Следующий абзац – самый значительный по объему. Это своего рода лирический взрыв, сгущение исповедальности, когда сознание героя преображено Любовью и Памятью, а сердце открыто сокровенным смыслам. Герой погружается в прошлое, в годы, «когда на пОлудне стояло солнце» (5, 8) его жизни. При этом очевидно, что в монологе героя проступает биографический автор. Речь идет о путешествии на Ближний Восток, которое он совершил вместе с В. Н. Муромцевой в 1908–1909 гг. и по впечатлениям от которого написана книга «Тень птицы», к сожалению, еще во многом не прочитанная[184]
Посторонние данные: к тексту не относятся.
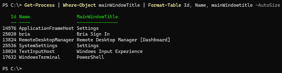 1- Get-Process | Where-Object mainWindowTitle | Format-Table Id, Name, mainWindowtitle -AutoSize
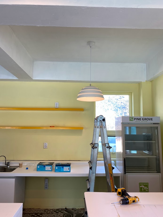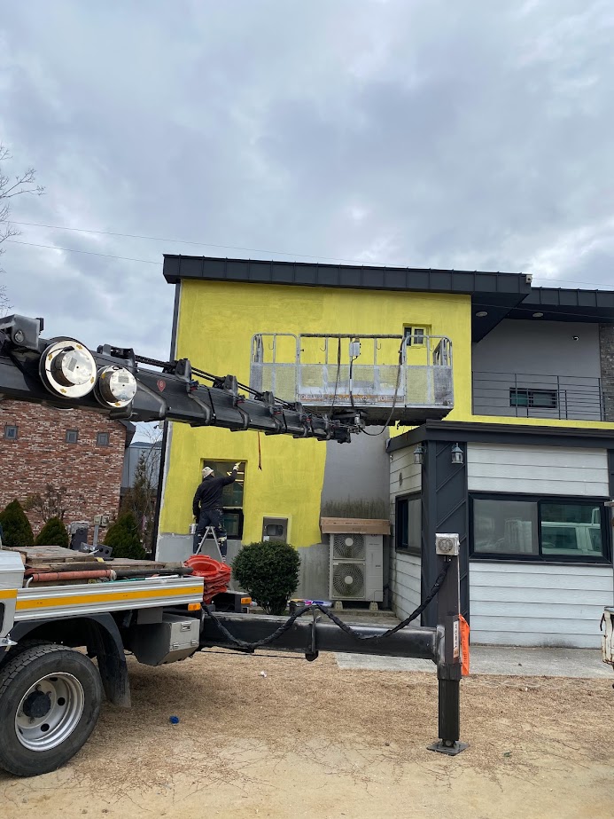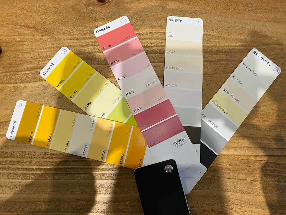 카페 내부에 들어오면 외부보다 한결 부드럽고 은은한 노랑을 만나게 됩니다. 처음엔 이 색이 생각보다 밝게 느껴져서, 흰색을 섞어 좀 더 연하고 차분한 톤으로 조정했어요. 덕분에 공간 전체가 따뜻하고 편안한 분위기를 유지하면서도 자연광과 잘 어우러지는 색감을 완성할 수 있었습니다.
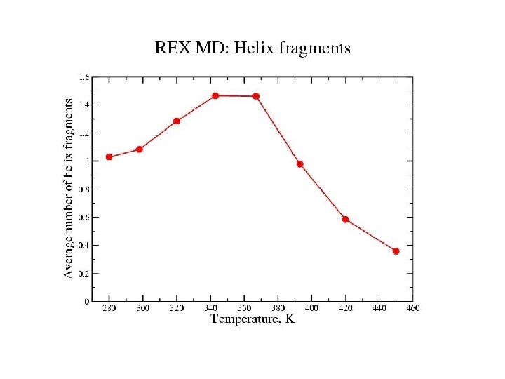 REMD simulation of helix-coil equilibrium Replica-exchange MD: Propagate independent trajectories at temperatures T 1 > T 2 > T 3 … Stop and compare energies Exchange between neighbors T 1 T 2 T 3 T 4
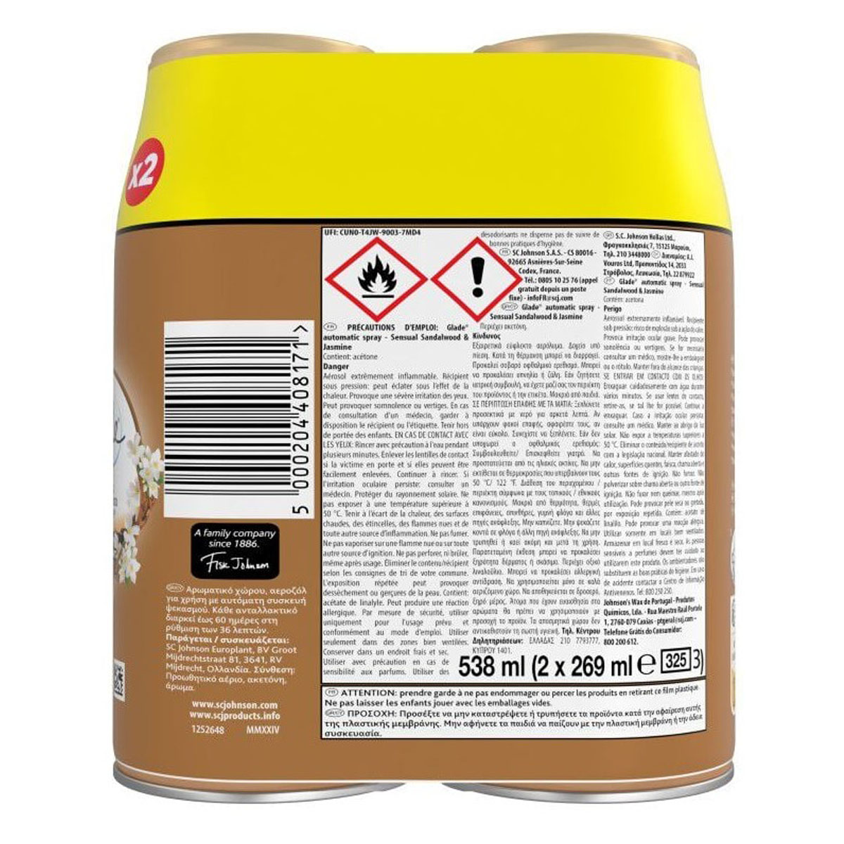 Glade Αρωματικό Χώρου Αντ/κό Sandalwood & Jasmine 2 x 269 ml
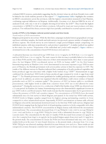2001 (for 2 samples from Liège) to 80 ng/g lw (in the pooled Belgian sample from 2006) and 37.5 ng/g lw in
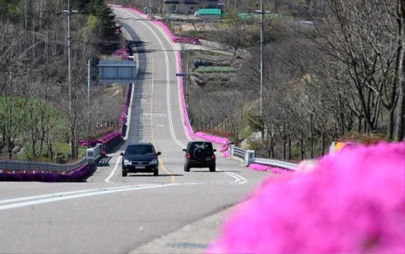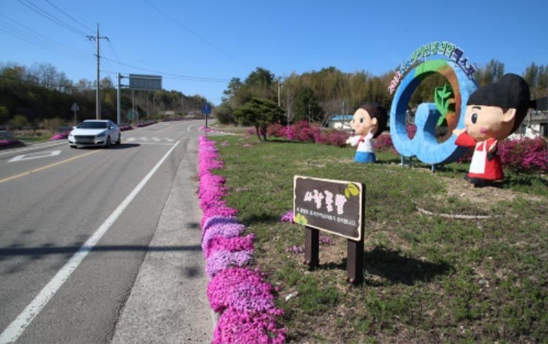 16일 산청 동의보감촌으로 향하는 도로변에 꽃잔디가 만개해 보는 이의 눈을 즐겁게 하고 있다.
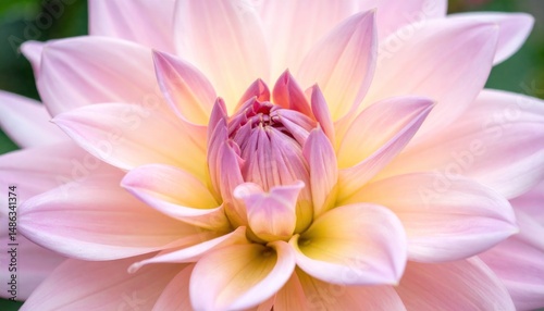 Naklejka premium Dahlia bloom Soft pink and yellow petals unfold from a tightly budded center
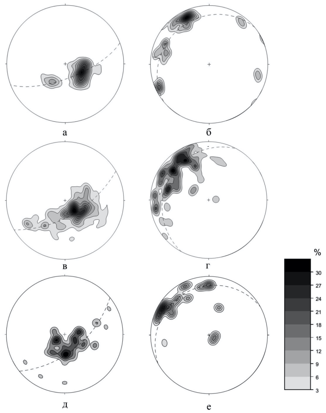 Figure 7. Stereographic diagrams (lower hemisphere, equirectangular grid) of measurements of in-plane structural elements (foliation, cleavage, contacts, limbs of folds) and hinges for the Nyartinskiy complex: (a) planar elements (number of measurements n=1515) and (б) hinges (n=70) in the area of the Upper Kozhim River to the mouth of the Nikolai-Shor stream, (в) planar elements (n=88) and (г) hinges (n=32) in the area of the mouth of the Nikolai-Shor stream; for the Mankhobeinskaya suite: (д) planar (n=52) and (е) hinges (n=34) in the area of the Khasavarka-Iz Mountain and the Khasavarka stream
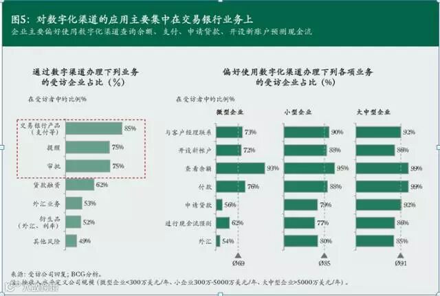 第三,在前端,以数字化产品和服务提升客户体验。BCG的一项调研发现,在所有通过数字渠道办理的业务中,交易银行相关的支付、提醒和审批处理的客户接受度最高,均超过70%。另外,企业规模越大,对使用数字化渠道办理交易银行业务的偏好则越高,如大中型企业在与客户经理沟通、查询余额、付款、申请贷款等环节的数字化偏好均超过90%(参阅图5)。
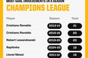 2013-14賽季,C羅在歐冠單賽季參與21粒進球,排名歷史第一,2015-16賽季,C羅歐冠單賽季參與20球,與2019-20賽季的萊萬并列,拉菲尼亞本賽季歐冠到目前為止已經(jīng)參與19粒進球,追平2011-12賽季的梅西。

. Получается, что эта миниатюра не только возвращение к реальному важному событию из жизни автора, но и его взгляд «обратной перспективы» на уже написанное, своеобразное подведение итога в развертывании этой темы в творчестве за прошедшее десятилетие. Следовательно, семантическая концентрация (онтологическое свойство жанров малой прозы) достигается не только ассоциативным, аллегорическим и символическим подключением исторических и библейских сюжетов, но и интертекстуальным диалогом, который ведется внутри самого бунинского творчества. Не вдаваясь в подробности, отметим, по крайней мере, два важных момента. Упомянутое «солнце <…> жизни», стоящее «на пОлудне» – это продолжение сквозного, чрезвычайно важного для «Тени птицы» и мифологически нагруженного «солнечного сюжета»[185]. Но продолжение, в котором автор отступает от общекультурного символизма. Он акцентирует здесь аспекты личной человеческой судьбы, придает «солнечному сюжету» острое экзистенциальное звучание. Именно так – остро лично, исповедально – прочитывается и оценка героем того «первого дальнего странствия, брачного путешествия, бывшего вместе с тем и паломничеством во святую землю Господа нашего Иисуса Христа» (5, 8). Выделено самое дорогое, самое главное, и это главное можно оценить в полной мере, если только представляешь широкую географию того путешествия (Турция, Египет, Ливан, Сирия, Иудея и др.), многообразие самых разных впечатлений и переживаний[186].Завершается миниатюра коротким шестистрочным фрагментом, самым, пожалуй, поэтичным, исполненным особой образности и утонченной красоты: «Роза Иерихона. В живую воду сердца, в чистую влагу любви, печали и нежности погружаю я корни и стебли моего прошлого – и вот опять дивно прозябает мой заветный злак. Отдались, неотвратимый час, когда иссякнет эта влага, оскудеет и иссохнет сердце – и уже навеки покроет прах забвения Розу моего Иерихона» (5, 8).
«Роза Иерихона», как мне кажется, образцовое произведение малой формы, в котором семантическая концентрация достигается сложным жанровым решением, предполагающим совмещение различных жанровых и повествовательных стратегий.